Re: Low blood sugar effects?
08 Mar 2013, 06:32
I understand that Type II cannot be 'cured' or reversed, but I am hoping that by better, permanent management the required medication can be reduced or hopefully stopped. I now have to purchase the testing equipment for home testing blood glucose levels as my GP is following the NICE recommendations not to prescribe them, but to rely solely on HbA1c results twice yearly. In other words, we can only see how we have performed retrogradely, and then try to mitigate the damage that may by then have occurred. ( I thought the White Paper of the early 1990s said the NHS had to be a health service, not an illness service? )I think this is closing the door after the horse has bolted. Because I have now taken the step to purchase the strips etc, I can see that 5:2 has had the effect of reducing random glucose levels to as good as 5mmol, and along with steady weight loss, I have great hopes! I have approximately halved my carbohydrate intake, thanks to the very helpful MFP, and I think the NHS needs a radical overhaul of diabetes care methods, involving far better education of the so-called experts. I have posted on other topics on this Forum whereby I think the NHS is dragging its feet on this very important subject, I suspect that is because they are waiting for conclusive evidence of various interventions, and will always dismiss anything anecdotal. Well, I am not prepared to wait that long.
No one 'caring' for me has EVER mentioned my waist measurement, in relation to my height. I have always been told 'oh, you are tall, you can carry it off'.Well, a waist measurement of 37"and a height of 5' 8" was quite unacceptable, wasn't it? In only 5 weeks it is now 34", and blood glucose seems acceptable after all these years, so what does that tell me? I intend to continue this regime, it is doing me the power of good, and I just hope I have caught things in time. Thankyou to everyone who posts here, you have enlightened me, and I now feel empowered to look after my own health like I have not felt for years--- just 'being done to' and complying, as so many of us do, has been damaging for me, so I have little to lose as I see it.
Re: Low blood sugar effects?
08 Mar 2013, 08:43
Hi there 150lbs
I am very surprised by what you say. I wrote a degree level distance learning pack for GPs to get a diploma in diabetes care about 15 years ago (commissioned by St George's Hospital). At that time the emphasis was very much on self management with patients monitoring and adjusting treatment (even type 2). Also my cousin was diagnosed with type 2 about a year ago. She lost weight, exercised and adjusted her diet and is now off all meds both for diabetes and hypertension.

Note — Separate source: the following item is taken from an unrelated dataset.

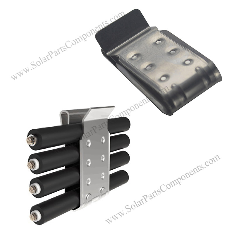 The universal design fits most modules and can be four wires. The clamp is made of corrosion-resistant stainless steel and is designed to prevent damage to the cable insulation. Simplifies wire management and creates a neater aesthetic for the solar PV array. The design of easy installation and disassembly requires only one part to be used, which is different from the cable tie.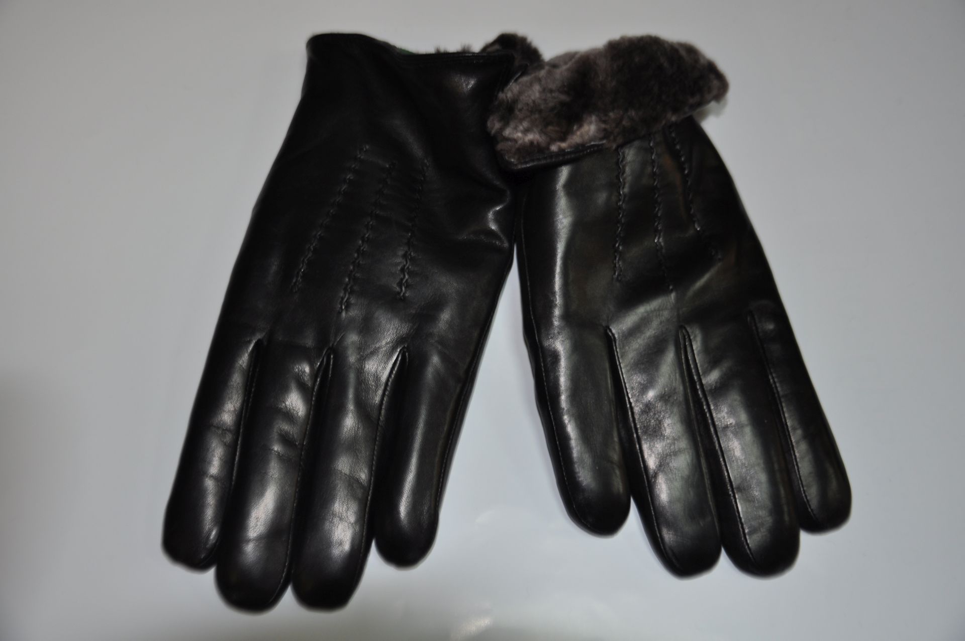 кожаные перчатки с наружной стороны перчатки рисунок с тремя строчками с небольшим разрезом сбоку

If diagnosed early while the beta cells in pancreas are still functioning reasonably well, reducing insulin resistance through exercise and weight loss can certainly reverse type 2 diabetes. It is insulin resistance that is the real cause of type 2, so it is curable because insulin resistance is curable. Obesity is linked with insulin resistance as is high blood pressure. High intensity interval training, weight loss, fasting can all reduce insulin resistance, while a low glycaemic load diet can reduce the demand for insulin and protect the functioning of the pancreas.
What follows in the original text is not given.